Regrets
A/N Not much to say on this one - some time has passed since the last one, obviously - several months or so. Warnings for some implied explicit content and a sweary drunk
Helessa was very, very drunk.
There was something pathetic about getting absolutely hammered alone. She had few other options, however - a desperate need to forget her last assignment had overruled every other consideration and prevented her spending the necessary time tracking down someone to get drunk with. She’d at least had the sense to do her drinking in the privacy of her own room.
She was several bottles in then she realized that she wasn’t quite sure when the hammering on her door started.
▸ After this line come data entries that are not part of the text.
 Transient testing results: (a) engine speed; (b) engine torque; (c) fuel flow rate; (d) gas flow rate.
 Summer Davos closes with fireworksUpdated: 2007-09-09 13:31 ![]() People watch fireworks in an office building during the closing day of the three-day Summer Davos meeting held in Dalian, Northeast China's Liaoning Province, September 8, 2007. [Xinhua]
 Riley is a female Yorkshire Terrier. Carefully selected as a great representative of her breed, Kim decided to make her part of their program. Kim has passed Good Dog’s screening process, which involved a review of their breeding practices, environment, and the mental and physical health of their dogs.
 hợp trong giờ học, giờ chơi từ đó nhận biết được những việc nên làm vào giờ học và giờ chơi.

Hells, she wasn’t even sure what day it was anymore.
The distance to the door from the half arsed attempt she’d made at some kind of comfortable nest by the fire seemed like far too much effort. She’d taken another pull from her bottle, eyes sliding closed again.
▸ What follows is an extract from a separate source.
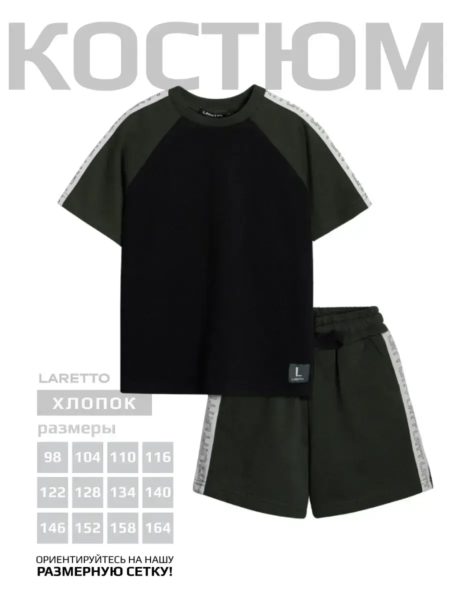 Детский летний костюм для мальчиков – незаменимая вещь в гардеробе ребенка. Комплект включает в себя стильную футболку и удобные шорты на завязках, выполненные из высококачественного трикотажа. Футболку можно комбинировать с любым низом, как и шорты с любым верхом. Дети большую часть времени проводят активно, и для комфортных движений необходимо, чтобы одежда сочетала в себе такие качества, как: свободу, легкость, удобство. Наш трикотажный костюмчик состоит из хлопка, а это значит, что материал приятен на ощупь, дышит, абсорбирует влагу, а также не вызывает аллергических реакций. Ткань костюма держит форму, не подвержена к образованию катышек, почти не мнется и устойчива к многократным стиркам. Футболка с шортами могут служить спортивной формой, и отлично подойдут для занятий физкультурой в школе или для малышей в детском саду, а также для тренировок и спортивных секций. Для Ваших детей мягкость, удобство и максимум комфорта – только с LARETTO. Не упустите возможность порадовать своего ребенка удобным и стильным комплектом!

The banging, unsurprisingly, did not stop.
“Sod off!” She bawled, sticking two fingers up at the door.
The noise continued.
“For fucksake, can’t a woman drink in PEACE?!” Helessa flailed, somehow ending almost upright, bottle still in hand and contents… mostly still inside. As she fought to untangle herself from a particularly malicious blanket, she continued to swear like a landlocked sailor.
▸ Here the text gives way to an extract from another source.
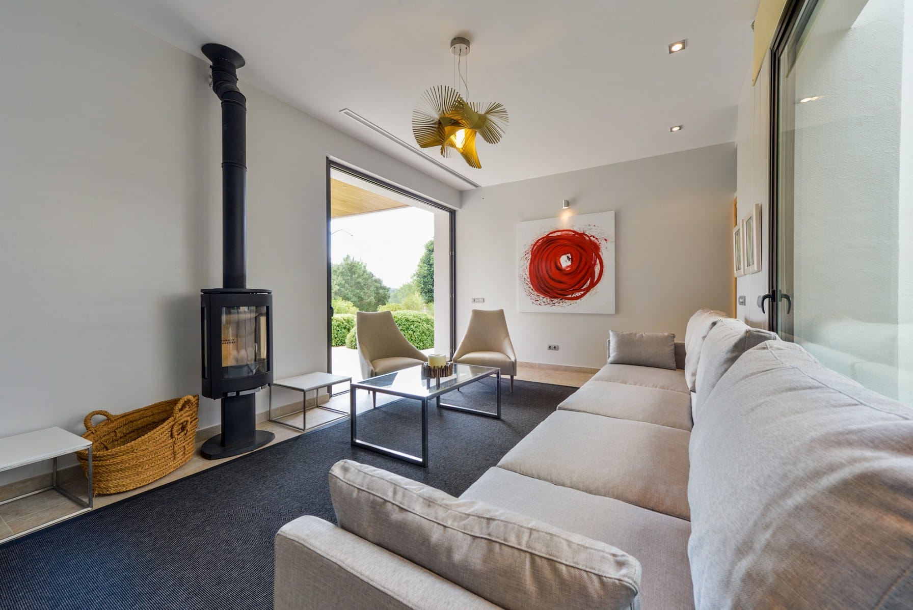 On the ground floor there is an interior patio “Zen” with plants, surrounded by large windows. Beside this there is a guest toilet. Following the left we find the living room, a fully equipped kitchen with pantry, all with access to the covered terrace, several seating areas and pool. There is also another living room with fireplace, perfect for reading.

Conceding defeat, she shambled her way to the door, blanket stubbornly clinging to one leg. The frame was shaking from the efforts of whomever it was that was so intent on interrupting her pity fest. Grumbling as she unbolted the door, she took a moment to realize that the banging had stopped. Shrugging, she turned, full of intentions to return to the fireside and drink all the rum before she could be interrupted again.
The door behind her clicked, then swung open.
Helessa was lamenting the demise of yet another bottle when she became aware that she wasn’t alone.
“How’d you gerrin? Door’slocked” She squinted at the figure sat on the edge of her bed.
“You unlocked it.” The voice was clipped, precise.
“I-wha’?” Helessa reached for another bottle. Odd, it was right there a moment ago.
“I think you’ve had enough, don’t you?” She knew that voice. Not the any-anmy-purple eyed one… the other one. She scrunched her eyes closed, trying to think through the fog in her head.
Images of a sweaty, chubby hand groping too hard-
Her eyes snapped open. “Not ‘nuff.” She grumbled.
“I am quite certain that the memory of tomorrow morning will eclipse whatever horror you’re trying to bleach from your mind.” Dammit, that voice. She knew the voice, but it wasn’t quite right.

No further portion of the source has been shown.